Um estudo relatou uma prevalência de 52% de hipertensão em pacientes com isquemia de membros inferiores22. Entretanto, em nossa amostra, que possuía média de idade de 33,29 (±7,15), apenas 3 (50%) do total de pacientes hipertensos apresentaram curva espectral alterada nos membros inferiores, enquanto 46 (88,5%) pacientes sem hipertensão apresentaram alteração em pelo menos uma artéria periférica dos membros inferiores (p = 0,0420). Especula-se que o uso de anti-hipertensivo possa ter exercido efeito protetor sobre o sistema vascular periférico nesses pacientes. As demais variáveis demográficas, como sexo, idade e raça, as variáveis de padrão de uso e o tabagismo não apresentaram associação estatística com o padrão da curva espectral.

Segundo avaliação estatística, os 20 indivíduos desempregados (100%) apresentaram curva espectral de membros inferiores alterada. Entretanto, não encontramos justificativa fisiopatológica para essa correlação.

CONCLUSÃO

A alteração da curva espectral dos membros inferiores, quando relacionada com a variável tempo de uso do crack, apresentou importante correlação estatística, podendo vir a ser um parâmetro utilizado no acompanhamento dos pacientes usuários de crack. Nesse sentido, percebeu-se também uma importante associação entre diminuição de pulsos e alteração da curva espectral dos membros inferiores, o que corrobora uma possível tendência de diminuição do fluxo de sangue arterial para essa região na população usuária do crack.

A prevalência do espessamento da parede arterial nos membros inferiores nos usuários de crack foi significativa. Apesar de não ter havido correlação estatística entre as variáveis demográficas, padrão de uso e comorbidades, quase 95% da amostra apresentaram espessamento da parede arterial nos membros inferiores.

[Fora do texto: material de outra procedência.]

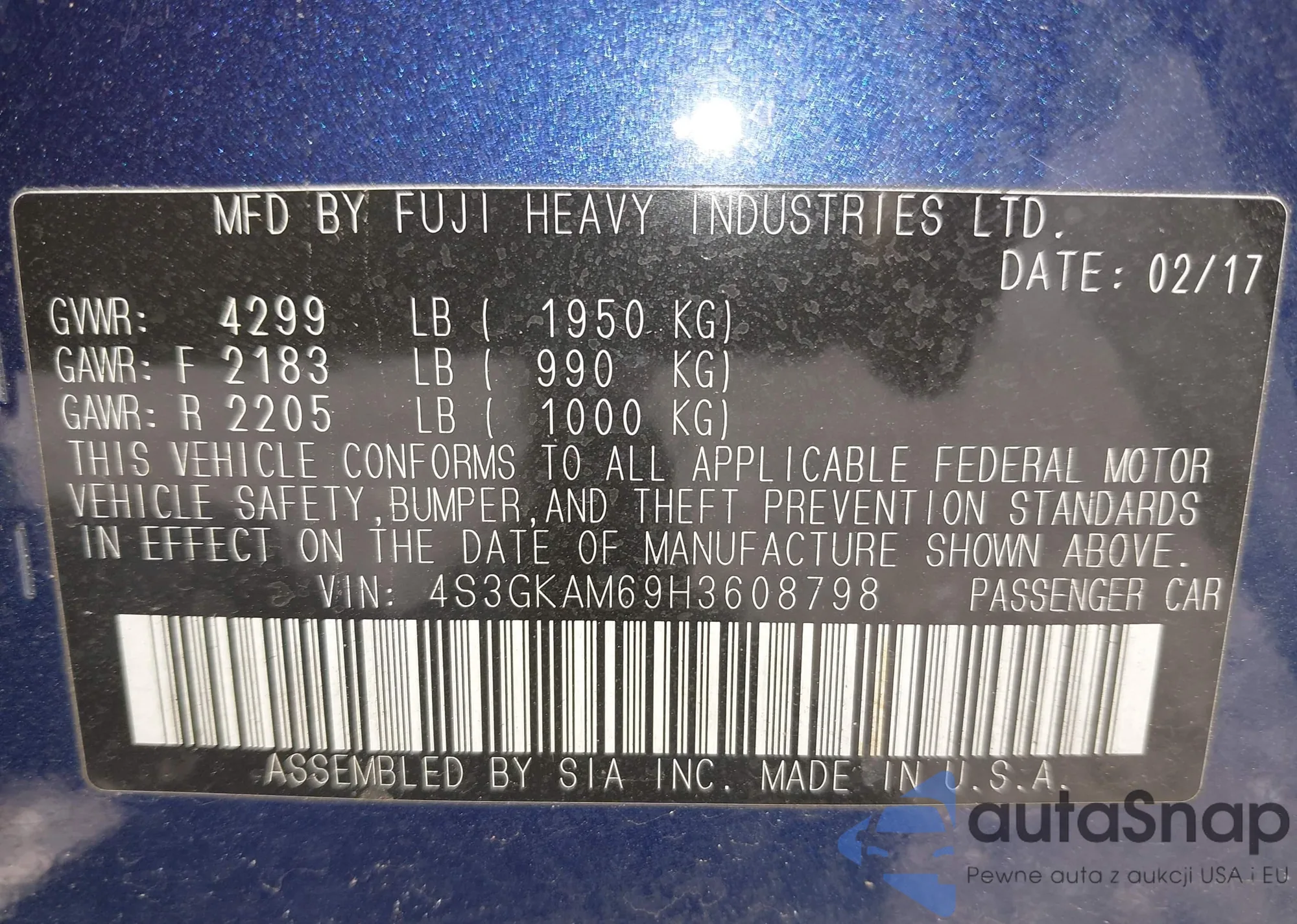 • VIN 4S3GKAM69H3608798

A hipertensão arterial pode ter exercido papel protetor sobre a alteração da curva espectral nos membros inferiores, e este fenômeno pode estar relacionado com o uso de alguma medicação anti-hipertensiva. Entretanto, essa afirmação é apenas uma hipótese que demanda esclarecimentos futuros.

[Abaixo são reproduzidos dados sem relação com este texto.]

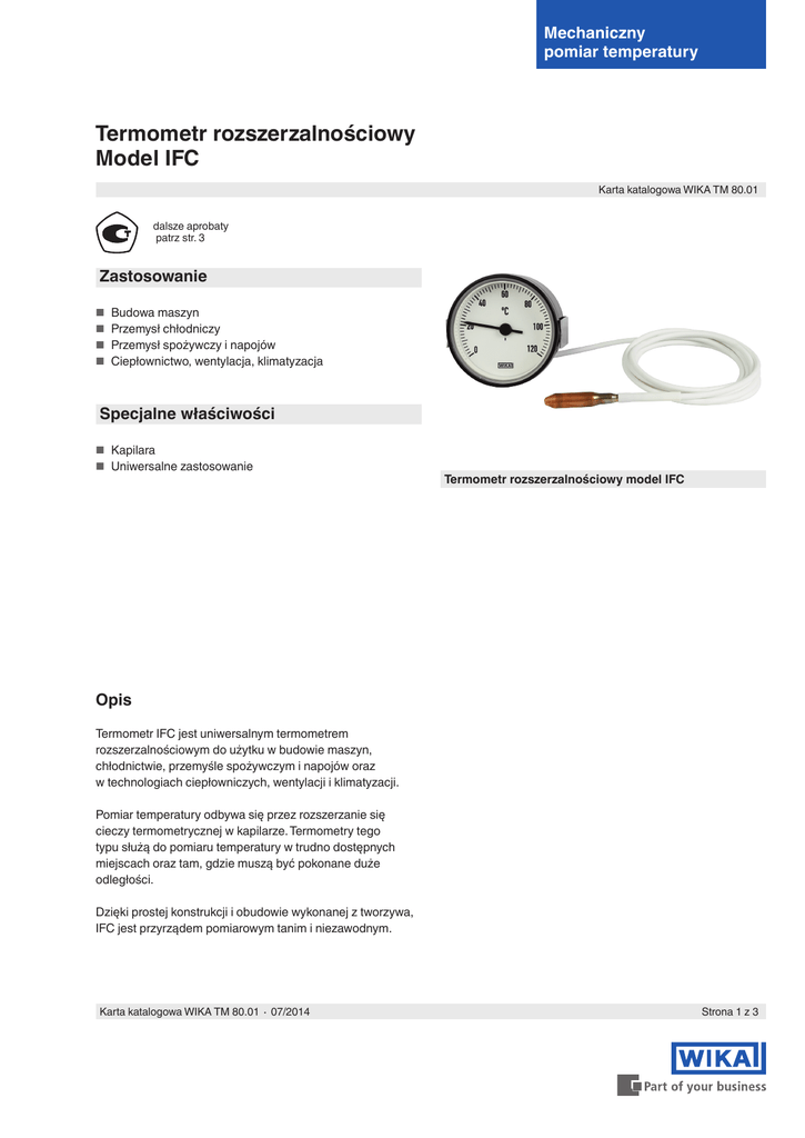 Mechaniczny pomiar temperatury Termometr rozszerzalnościowy Model IFC Karta katalogowa WIKA TM 80.01 dalsze aprobaty patrz str. 3 Zastosowanie ■■ Budowa maszyn ■■ Przemysł chłodniczy ■■ Przemysł spożywczy i napojów ■■ Ciepłownictwo, wentylacja, klimatyzacja Specjalne właściwości ■■ Kapilara ■■ Uniwersalne zastosowanie Termometr rozszerzalnościowy model IFC Opis Termometr IFC jest uniwersalnym termometrem rozszerzalnościowym do użytku w budowie maszyn, chłodnictwie, przemyśle spożywczym i napojów oraz w technologiach ciepłowniczych, wentylacji i klimatyzacji. Pomiar temperatury odbywa się przez rozszerzanie się cieczy termometrycznej w kapilarze. Termometry tego typu służą do pomiaru temperatury w trudno dostępnych miejscach oraz tam, gdzie muszą być pokonane duże odległości. Dzięki prostej konstrukcji i obudowie wykonanej z tworzywa, IFC jest przyrządem pomiarowym tanim i niezawodnym. Karta katalogowa WIKA TM 80.01 ∙ 07/2014 Strona 1 z 3 Wersja standardowa Rozmiary nominalne w mm 60, 80, 100, 72 x 72, 96 x 96 Dokładność pomiaru ±2 % zakresu pomiarowego przy temperaturze wzorcowej 23 °C na obudowie i linii pomiarowej Wyjście kapilary Montaż z tyłu, niewspółśrodkowy Obudowa Tworzywo sztuczne (ABS) Zakres pomiarowy -100 ... +400 °C Temperatura robocza Obudowa: Linia pomiarowa: ■■ Pokryta tworzywem ■■ Z miedzianym oplotem ■■ Ze stali nierdzewnej Długość linii pomiarowej Maks. 5 m -20 ... +70 °C -40 ... +120 °C -100 ... +350 °C Stopień ochrony obudowy Obudowa okrągła: IP 54 zgodnie z EN 60529 / IEC 529 Obudowa kwadratowa: IP 40 zgodnie z EN 60529 / IEC 529 Typ montażu Montaż panelowy z uchwytem mocującym -100 ... +400 °C Kąt wskazania Maks. 270 p° Tarcza Tworzywo białe, napisy czarne Zasada pomiaru System rurki Bourdona Opcje ■■ Obudowa ze stali nierdzewnej ■■ Wersja z obudową kwadratową ■■ Kołnierz do montażu panelowego ■■ Inne wykonania przyłączy (por. Informacje techniczne IN 00.20) ■■ Inne wymiary obudowy (NS 37, 40, 42, 52) Kapilara Pokryta tworzywem lub oplotem miedzianym Kapilara miedziana lub ze stali nierdzewnej 1.4571 w zależności od zakresu pomiarowego Wykonanie przyłączy Wersja standardowa Czujnik gładki (bez gwintu), SF94 Stop miedzi Długość czujnika = zmienna Średnica czujnika Ød = 6, 8, 8,5, 10 mm Przyłącze obrotowe SF91/SV20 Stop miedzi, R ⅜ Długość czujnika = zmienna Średnica czujnika Ød = 6, 8, 8,5, 10 mm Przyłącze obrotowe z wyjmowanym przyłączem gwintowanym SF91/SV19 M14 x 1.5, R ⅜, R ½, R ¾ Stop miedzi Długość czujnika = zmienna Średnica czujnika Ød = 6, 8, 8,5, 10 mm Inne wykonania przyłączy - por. Informacje techniczne IN 00.20 Strona 2 z 3 Karta katalogowa WIKA TM 80.01 ∙ 07/2014 Wymiary w mm NS 96 x 96 NS 100 IFC01-100K.01 IFC01-080K.01 NS 80 IFC01-096K.01 NS 72 x 72 IFC01-072K.01 NS 60 IFC01-060K.01 Wersja standardowa Aprobaty Certyfikaty (opcjonalne) ■■ GOST, metrologia/technologia pomiarów, Rosja ■■ Certyfikat kontrolny 2.2 wg EN 10204 (np. produkcja ■■ CRN, bezpieczeństwo (np. bezpieczeństwo elektryczne, nadciśnieniowe...), Kanada zgodna ze stanem techniki, zatwierdzenie materiału, dokładność wskazań) ■■ Certyfikat sprawdzenia 3.1 wg EN 10204 (np. dokładność wskazań) 07/2014 PL based on 07/2014 GB Aprobaty i certyfikaty znajdują się na stronie internetowej Informacje dotyczące zamówienia Model / Rozmiar nominalny / Zakres skali / Linia pomiarowa, długość pomiarowa / Wykonanie przyłącza / Opcje © 2013 WIKA Alexander Wiegand SE & Co. KG. Wszelkie prawa zastrzeżone. Specyfikacje podane w niniejszym dokumencie przedstawiają dane techniczne aktualne w momencie wydruku. Zastrzegamy sobie prawo do wykonywania zmian niniejszych specyfikacji i materiałów. Karta katalogowa WIKA TM 80.01 ∙ 07/2014 Strona 3 z 3 WIKA Polska spółka z ograniczoną odpowiedzialnością sp. k. Ul. Łęgska 29/35, 87-800 Włocławek Tel.: (+48) 54 23 01 100 Fax: (+48) 54 23 01 101 E-mail: [email protected] www.wikapolska.pl

Os estudos sobre os efeitos do crack no sistema vascular periférico são escassos, o que mostra a necessidade de dar maior atenção à população usuária da droga e sua relação com a doença. Muitos casos são graves, com risco iminente de morte ou mutilações. Assim, são necessários novos estudos para uma melhor compreensão dos efeitos do crack na doença vascular arterial periférica.